Odysseus bow

This is the first I’ve heard that the Iliad and the Odyssey were created 1,000 years apart from one another. No mention of this gap was made was made the multiple times I had to read the two in high school and college. Do you happen to have a cite to support your claim?

I too am curious about this. I thought scholars generally put the writing of both these works as we now know them in the eighth or seventh century BCE. I know there have been debates about this, and different sources will move the composition of the Iliad and Odyssey forward or back some, but I’ve never heard or read anything suggesting a thousand year gap between creation of these two texts. Perhaps there was a typo, or I misread something?

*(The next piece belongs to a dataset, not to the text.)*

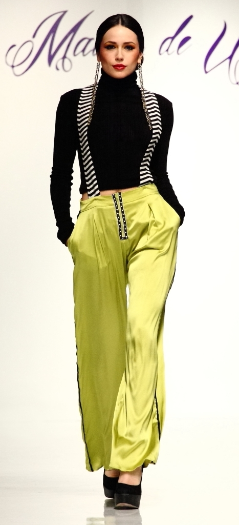 Urbana began her career in music as a backup singer and a stylist to rap stars. So her journey into the Middle East was tempered by a real feel for the street, which came through perfectly in sparkling beaded pants or sexy, tie-dyed evening wear. Her daywear was comfortable, wearable and colorful. Her mixture of prints and textures really brought the collection to life.

Sorry. I’m not trying to stir things up, but the quoted words above just struck me pretty hard.

Anyway, I agree with **Simplicio **and **Shodan **about Odysseus being big and strong with regard to his bow-stringing ability.

Have a good day.

Yeah, which he wouldn’t. From what I can tell, everyone would consider it a matter of course that the hero would not be bound to be faithful to his wife.

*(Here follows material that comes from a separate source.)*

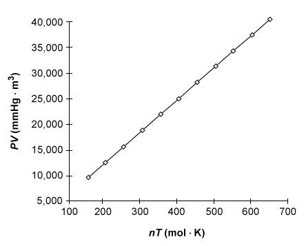 The product of pressure P and volume V of an ideal gas is directly proportional to the product of the moles n and absolute temperature T of the gas, as shown below.

He was always my favorite grandson.

Another thought - Odysseus may not be the strongest hero of the Trojan war, and he may have made his reputation for his cunning, but the least powerful hero of the Trojan war is going to be mightier than an normal man, and godlike in comparison to the collection of leeches in human form that the suitors represent.

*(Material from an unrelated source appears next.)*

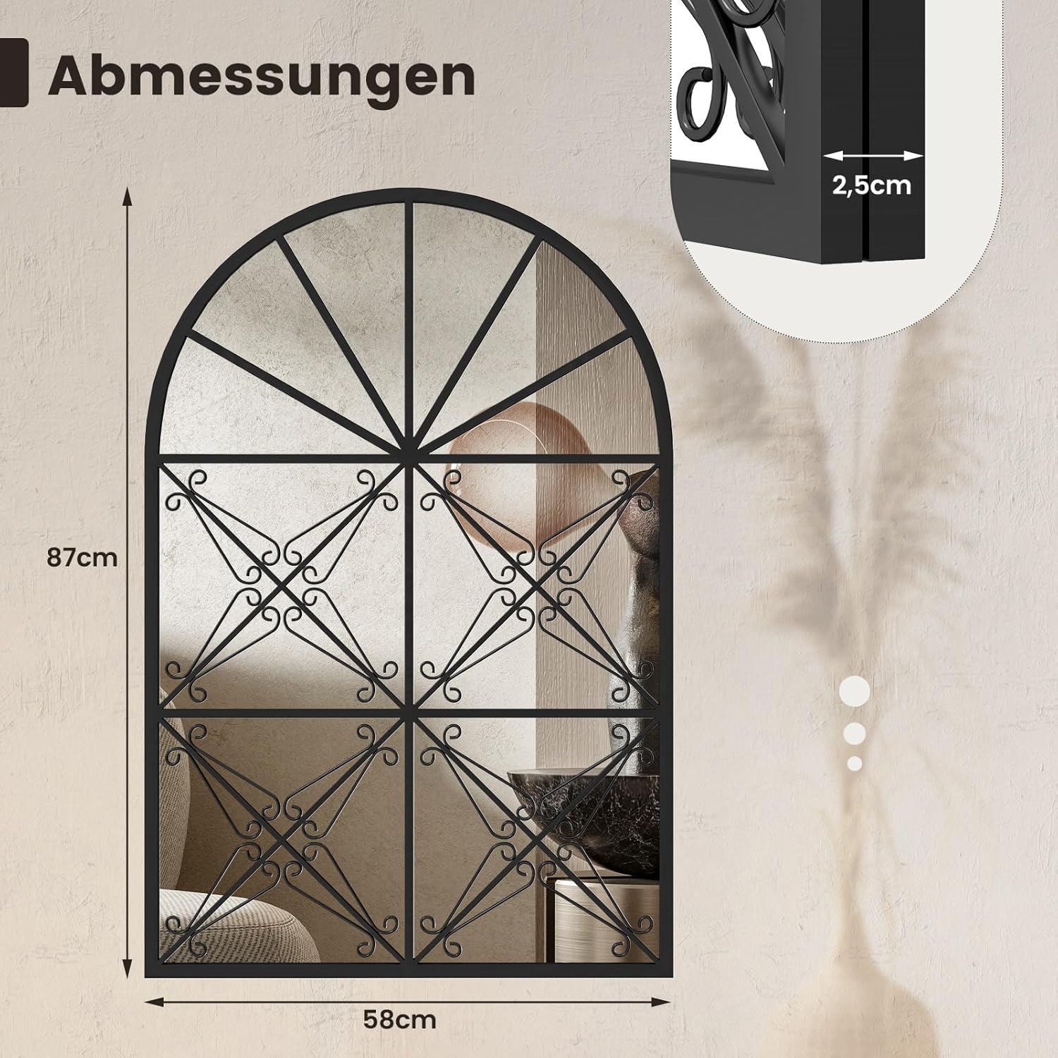 Apportez une touche de charme et de sophistication à votre intérieur avec ce miroir décoratif arqué, inspiré des élégantes fenêtres de cathédrale. Son design raffiné, rehaussé d’un cadre bombé et de motifs floraux métalliques, confère un aspect unique qui sublime instantanément la décoration de votre salon, chambre, entrée ou couloir. Dimensions : 58 x 87 cm (L x l).

Recurve bows should certainly have been familiar to any archer, since there are numerous depictions of them in art from around that time. Here’s a painting from the 6th century BC of Herakles using one: http://www.theoi.com/Gallery/L3.6.html

For some reason, I always thought that the bow was “blessed” (or fashioned) by Athena, and no one could use it unless they had her favor. Odysseus was her favorite throughout the Odyssey.

But now I can’t find any evidence of such a theory.

Sorry, I made a mistake. It’s a hundred years (about) that the major opinion dates them, though it’s not absolutley sure.

With one notable exception: Hector, the Trojan enemy, is an affectionate husband, as well as a doting father, and he shows respect for women- even for Helen, whom he might (reasonably) blame for causing the whole bloody war.

Wouldn’t it be a lot more reasonable for him to blame Paris?

Seems like the extreme age of Odysseus’s dog would have been one of the more remarkable aspects of the story.